(EXERCISE) Every line of the material below should be output exactly as written, with the images skipped.
*** DATA SHOWN ***
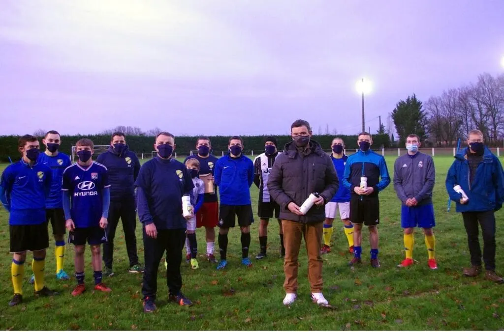 Alors que les entraînements et matchs n’avaient en effet pu se tenir depuis le début du mois de novembre, les responsables du club de l’ESC ont reçu une surprise, destinée aux joueurs venus nombreux, probablement impatients de retrouver les terrains : « Nous avons reçu des gourdes individuelles pour chaque joueur, explique le président Noël Guilmin. C’est un de nos sponsors qui a financé cette opération qui vient compléter les mesures sanitaires prises par le club, comme la distanciation ou la fermeture des vestiaires. »
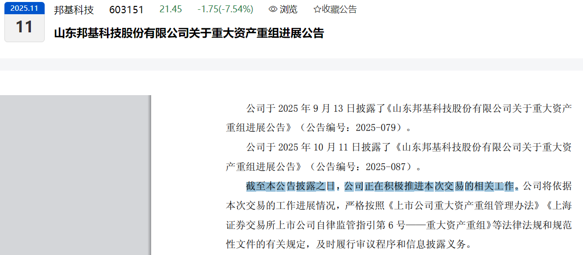 读创财经注意到,就在11月11日,邦基科技还刚刚发布了重大资产重组事项进展公告,称“公司正在积极推进本次交易的相关工作”,但短短一日相关事宜就“变脸”,公司原资产重组计划即告“猝死”。
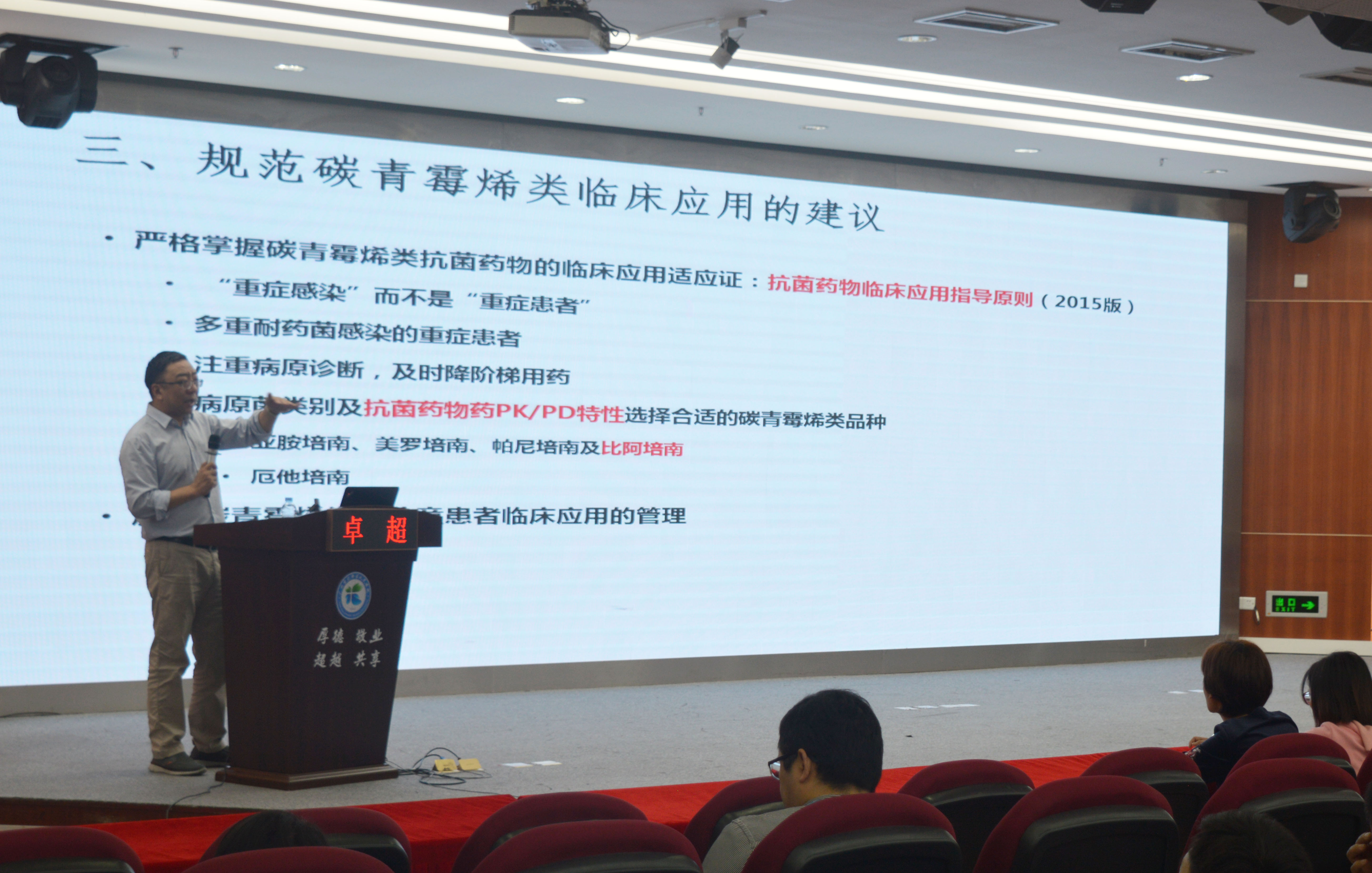 本次培训由广东药科大学附属第一医院药学部陈吉生主任、广州医科大学附属第一医院检验科卓超主任、广州市第一人民医院呼吸内科曾军主任、浙江省人民医院医务部徐海铭主任、南方医科大学附属南方医院感染管理科孙树梅主任主讲,分别以《从追踪案例看抗菌药物管理》、《细菌耐药状况与耐药菌治疗策略》、《抗菌药物AMS管理策略及方法》、《碳青霉烯类药物的合理应用与管理》、《围手术期预防使用抗菌药物管理》为主题,从临床、药学、院感、微生物及行政管理等方面对抗菌药物的临床合理应用及管理进行全面系统的讲解。
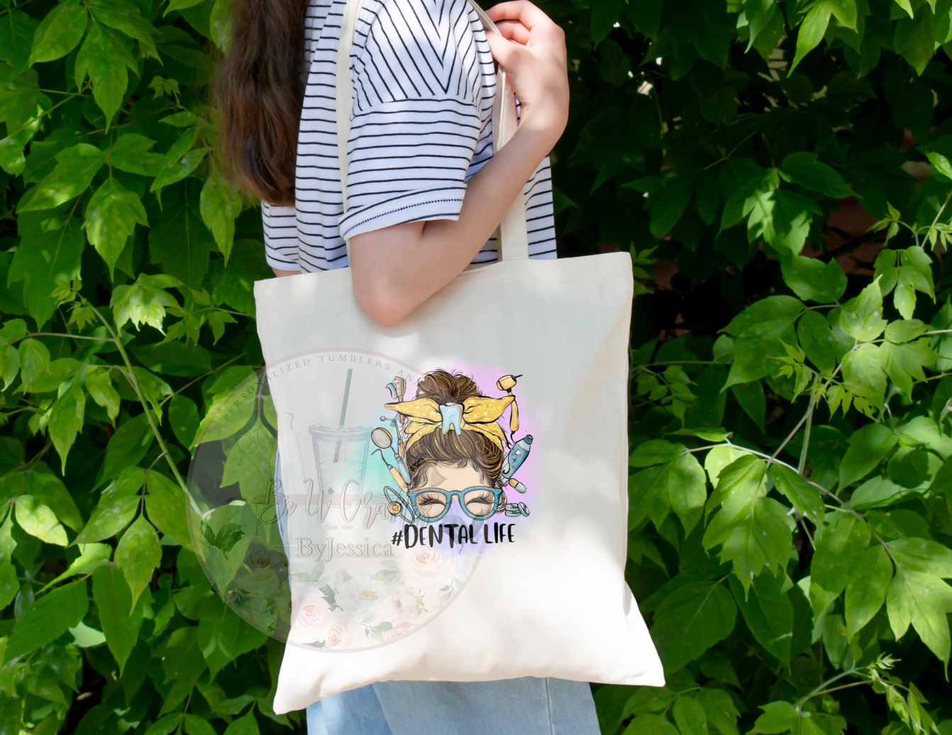 Carry your essentials in style with the Dental Life Canvas Tote Bag. Crafted from durable canvas, this tote offers ample space and sturdy handles for everyday use. Perfect for dental professionals or enthusiasts, it combines practicality with a sleek design that showcases your passion. Whether for work, school, or errands, this tote keeps your belongings organized and easily accessible while making a confident statement.
*** End of DATA SHOWN ***
(EXERCISE SOLUTION)
 Alors que les entraînements et matchs n’avaient en effet pu se tenir depuis le début du mois de novembre, les responsables du club de l’ESC ont reçu une surprise, destinée aux joueurs venus nombreux, probablement impatients de retrouver les terrains : « Nous avons reçu des gourdes individuelles pour chaque joueur, explique le président Noël Guilmin. C’est un de nos sponsors qui a financé cette opération qui vient compléter les mesures sanitaires prises par le club, comme la distanciation ou la fermeture des vestiaires. »
 读创财经注意到,就在11月11日,邦基科技还刚刚发布了重大资产重组事项进展公告,称“公司正在积极推进本次交易的相关工作”,但短短一日相关事宜就“变脸”,公司原资产重组计划即告“猝死”。
 本次培训由广东药科大学附属第一医院药学部陈吉生主任、广州医科大学附属第一医院检验科卓超主任、广州市第一人民医院呼吸内科曾军主任、浙江省人民医院医务部徐海铭主任、南方医科大学附属南方医院感染管理科孙树梅主任主讲,分别以《从追踪案例看抗菌药物管理》、《细菌耐药状况与耐药菌治疗策略》、《抗菌药物AMS管理策略及方法》、《碳青霉烯类药物的合理应用与管理》、《围手术期预防使用抗菌药物管理》为主题,从临床、药学、院感、微生物及行政管理等方面对抗菌药物的临床合理应用及管理进行全面系统的讲解。
 Carry your essentials in style with the Dental Life Canvas Tote Bag. Crafted from durable canvas, this tote offers ample space and sturdy handles for everyday use. Perfect for dental professionals or enthusiasts, it combines practicality with a sleek design that showcases your passion. Whether for work, school, or errands, this tote keeps your belongings organized and easily accessible while making a confident statement.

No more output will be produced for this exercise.